__PROVIDED MATERIAL__
· · · · · · ·

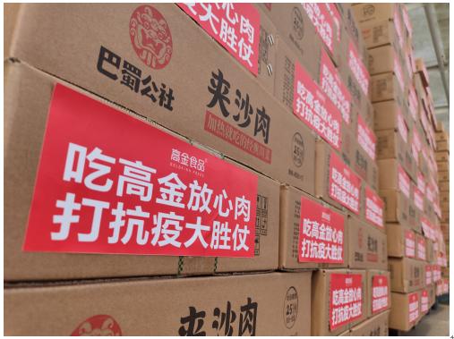 2020年2月,武汉新冠疫情发生后,高金食品迅速成立紧急应对小组,调动多种渠道加班加点紧急筹措物资,并严格检验产品,仅用一天时间就备足价值20万元的物资,并从遂宁总部出发,将物资驰援至武汉疫区。新冠疫情几年来,面对各地此消彼长的疫情态势,高金食品各地子公司及业务版块利用自身产品优势,匹配打造“抗疫能量包”并捐献给一线抗疫人员,旨在“你为民众排忧解难,我想让你好好吃饭!”。
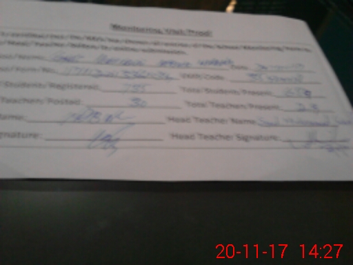 | Attendance Register | Head Teacher | MEA with School | Visit Proof |
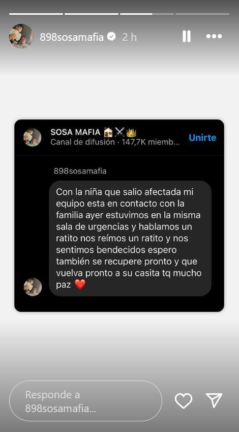 Por su parte, Julianno Sosa dio a conocer en sus stories de Instagram que se puso en contacto con la mujer afectada.
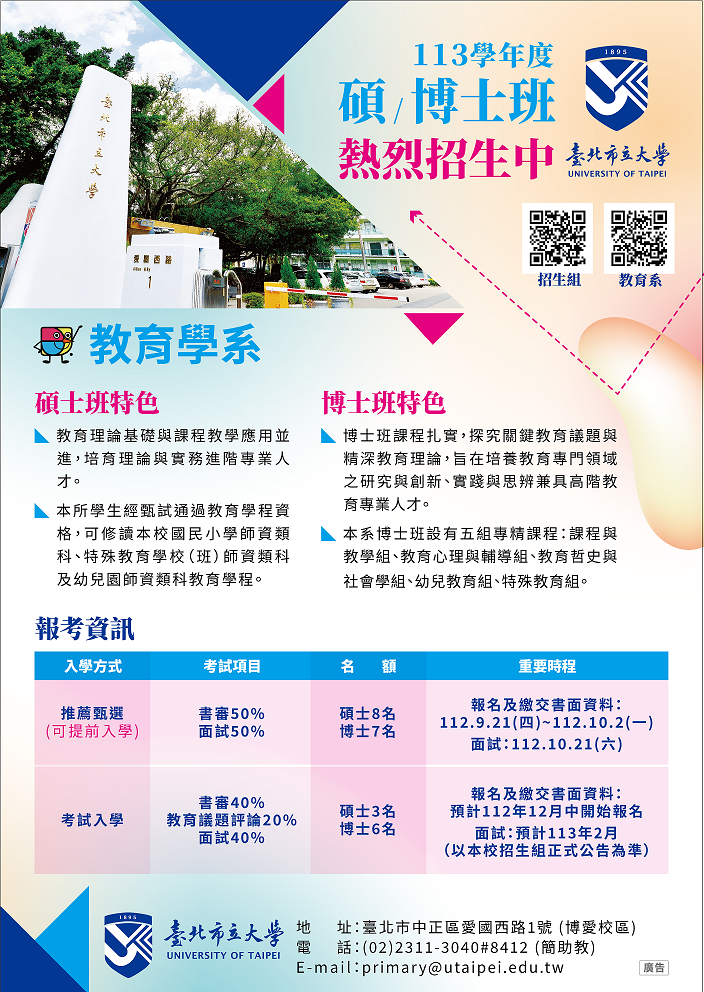 一、臺北市立大學教育學系承接師資培育與學術研究百年基業。碩士班招生8名;博士班設有五組專 精課程:課程與教學組、教育哲史與社會學組、教育心理 與輔導組、幼兒教育組與特殊教育組,合計招生7名。

· · · · · · ·

Omit the pictures and write out exactly the lines from the one containing "Visit Proof |" through the last line of the material.

 | Attendance Register | Head Teacher | MEA with School | Visit Proof |
 Por su parte, Julianno Sosa dio a conocer en sus stories de Instagram que se puso en contacto con la mujer afectada.
 一、臺北市立大學教育學系承接師資培育與學術研究百年基業。碩士班招生8名;博士班設有五組專 精課程:課程與教學組、教育哲史與社會學組、教育心理 與輔導組、幼兒教育組與特殊教育組,合計招生7名。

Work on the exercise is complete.